Vorremmo fosse chiaro che ogni singola scuola è chiamata non a definire ( né da sola, né con i genitori) le coordinate valoriali in quanto già sancite dalla Costituzione Italiana, bensì il modo di declinarle. Se genitori, docenti o Dirigenti di una scuola dovessero condividere uno o più valori contraddittori con quelli costituzionali ( cosa che potrebbe accadere, ad esempio in tema di rispetto per le diversità vista la feroce campagna anti-gender in atto) sarebbe accettabile e legittima solo perché condivisa in quella comunità scolastica?

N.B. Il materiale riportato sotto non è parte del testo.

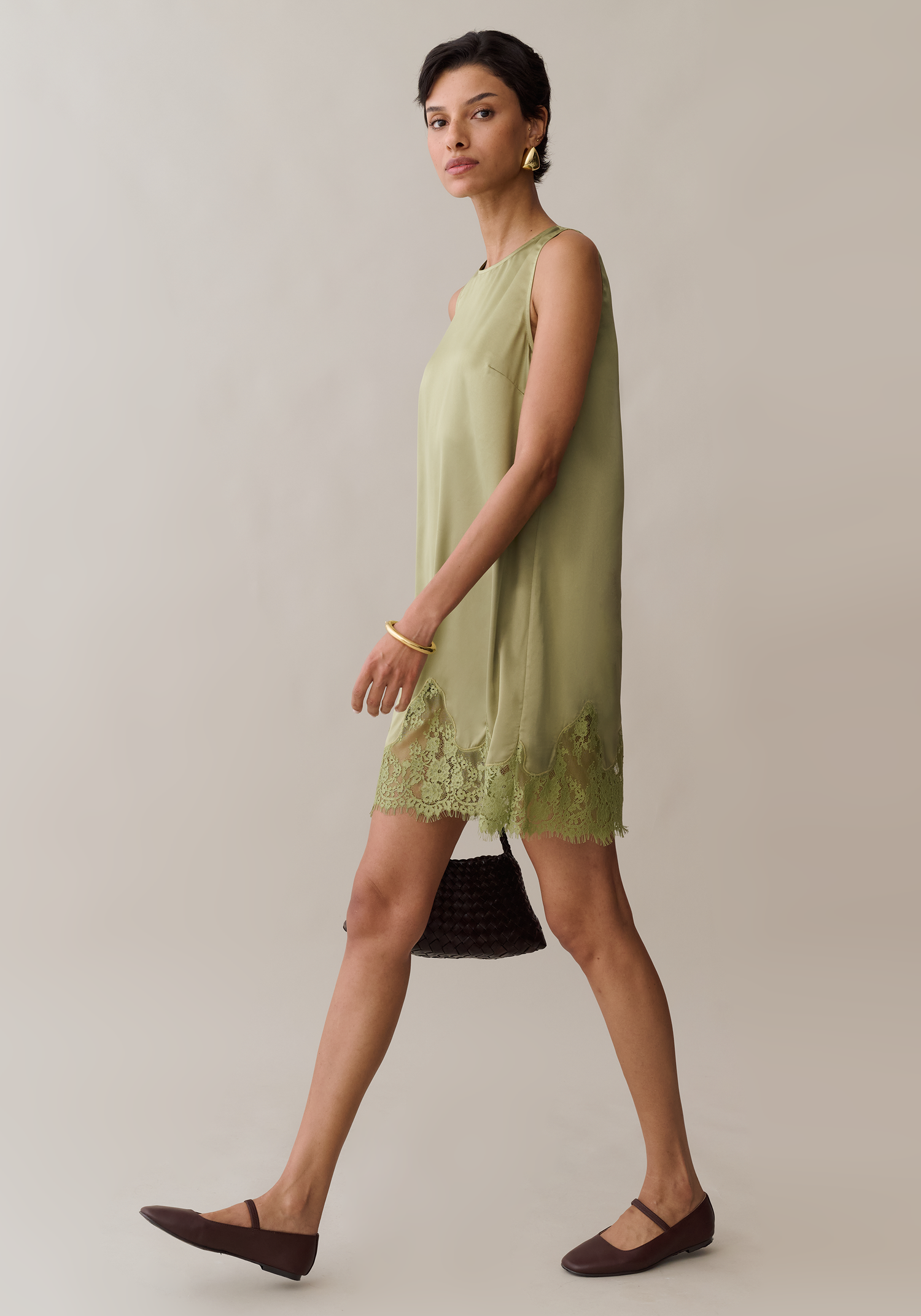 A study in understated elegance, this sleeveless shift dress is cut with a clean, easy silhouette that drapes effortlessly over the body. The minimalist neckline keeps it polished, while the delicate lace hem adds a soft, romantic finish.

L’articolo 30 della Costituzione, col richiamo al diritto/dovere dei genitori di garantire istruzione ed educazione ai figli, non va confuso, contrapposto o sovrapposto in modo improprio (o utilizzato come “arma contro”) con il principio costituzionale della libertà di insegnamento; Deve invece muoversi in linea con l’altro diritto, quello allo studio del giovane, o meglio al suo diritto all’apprendimento!
Se così non fosse la scuola italiana rischierebbe di non essere la scuola dell’inclusione e dell’apertura, ma bensì la scuola della chiusura, dei muri, delle appartenenze, del conflitto culturale e sociale.
Cosa che il CGD, per la sua lunga storia di difesa della scuola pubblica, ha combattuto e continuerà a contrastare.